1968 Cappellano Barolo


I was very fortunate to run into this exquisite bottle of Cappellano’s 1968 Barolo recently. As it turns out, I had just visited the estate that very morning, so I was in a Cappellano state of mind. Drinking the 1968 took me back to my early days visiting Piedmont, when I would do little mini-immersions into the wines of specific producers in order to try to gain a deeper understanding of specific wineries. That’s a little harder to do these days given the rarity and cost of so many bottles, but every now and then you get lucky. 

I am always a bit apprehensive with older wines, as so many bottles from this era were not stored properly. As soon as the 1968 is served I see my apprehension in this case is unwarranted. A bright, translucent red, the 1968 is utterly mesmerizing from the first taste. Blood orange, cinnamon, star anise, kirsch, mint and sweet pipe tobacco all life effortlessly from the glass. Delicate and haunting in its beauty, with striking exoticism, the 1968 is simply exquisite. Of course, at 50+ years of age, the 1968 is fully mature and a touch fragile. Readers lucky enough to come across bottles will want to enjoy them sooner rather than later.

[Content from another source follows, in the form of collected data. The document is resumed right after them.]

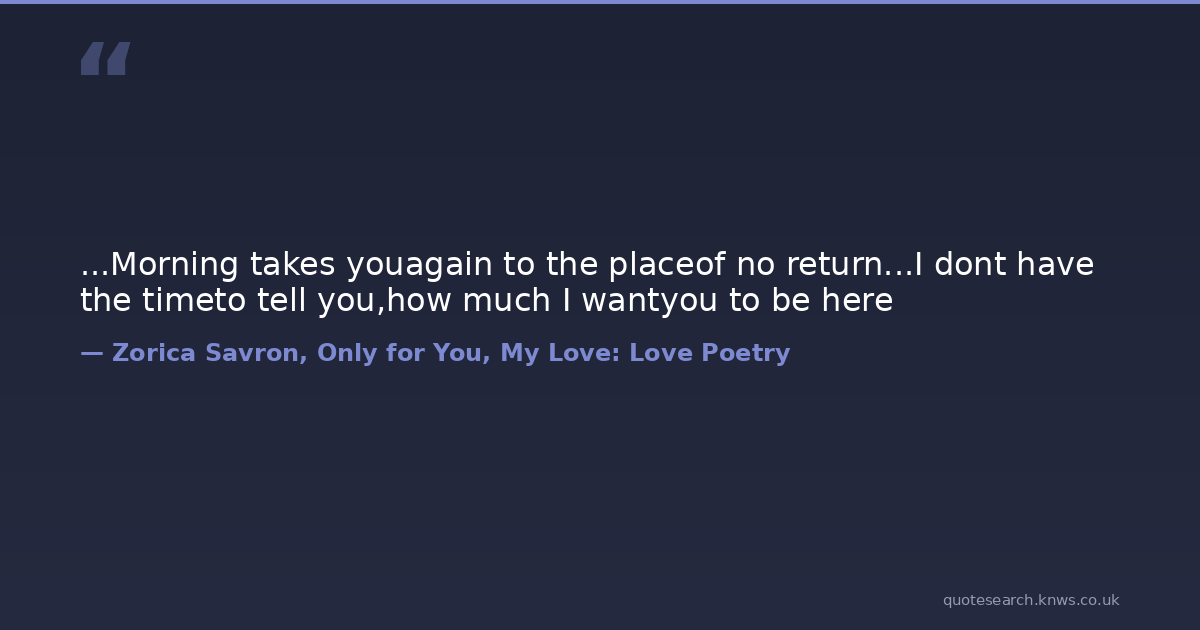 ...Morning takes youagain to the placeof no return...I dont have the timeto tell you,how much I wantyou to be here
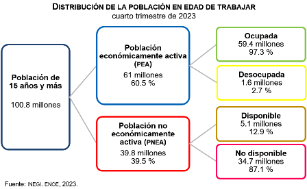 En el trimestre octubre-diciembre de 2023, la población económicamente activa (PEA) del país fue de 61 millones de personas, 898 mil más que en el cuarto trimestre de 2022. La PEA representó 60.5 % de la población de 15 años y más.
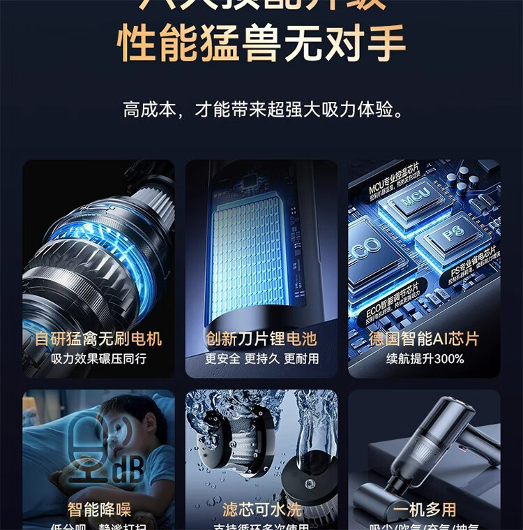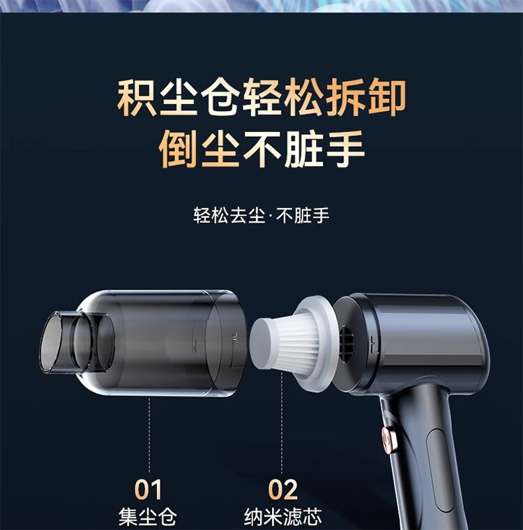 筏芯德国车载吸尘器车用无线充电汽车家用大吸力功率强力小型手持迷你 无刷豪华款【99999R爆吸】无刷电机超级快充滤芯
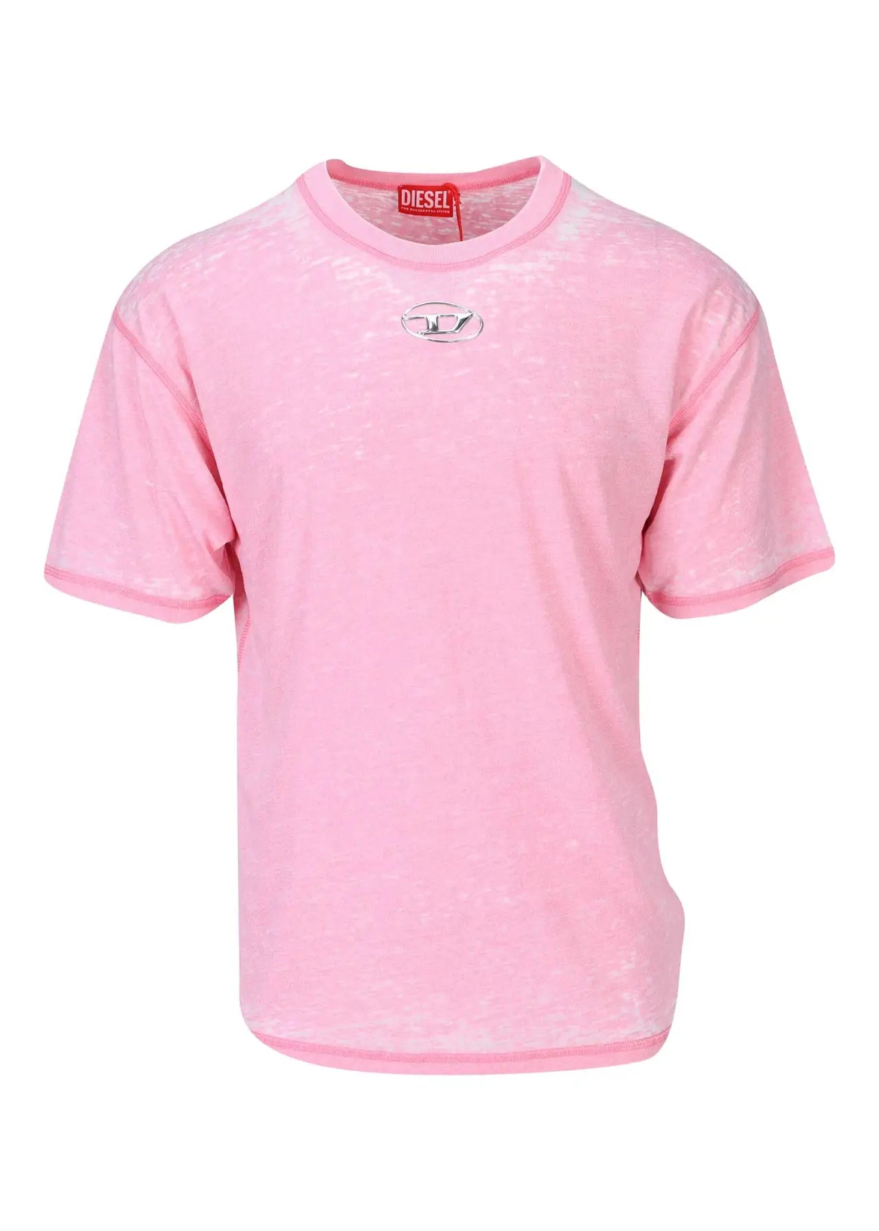 Camiseta rosa "T-BOXT" desgastada con minilogo "Oval-D" -

Many years ago, when I was writing Piedmont Report, I promised Baldo Cappellano I would honor his request not to rate his wines numerically. Cappellano’s view was that scores were divisive among growers. At the time, I could have never imagined what Piedmont Report would lead to, or what Piedmont itself would become. I would not make the same decision today, but this is why the 1968 Barolo, like all Cappellano wines in our database, appears without a score. NR/Drink: 2019.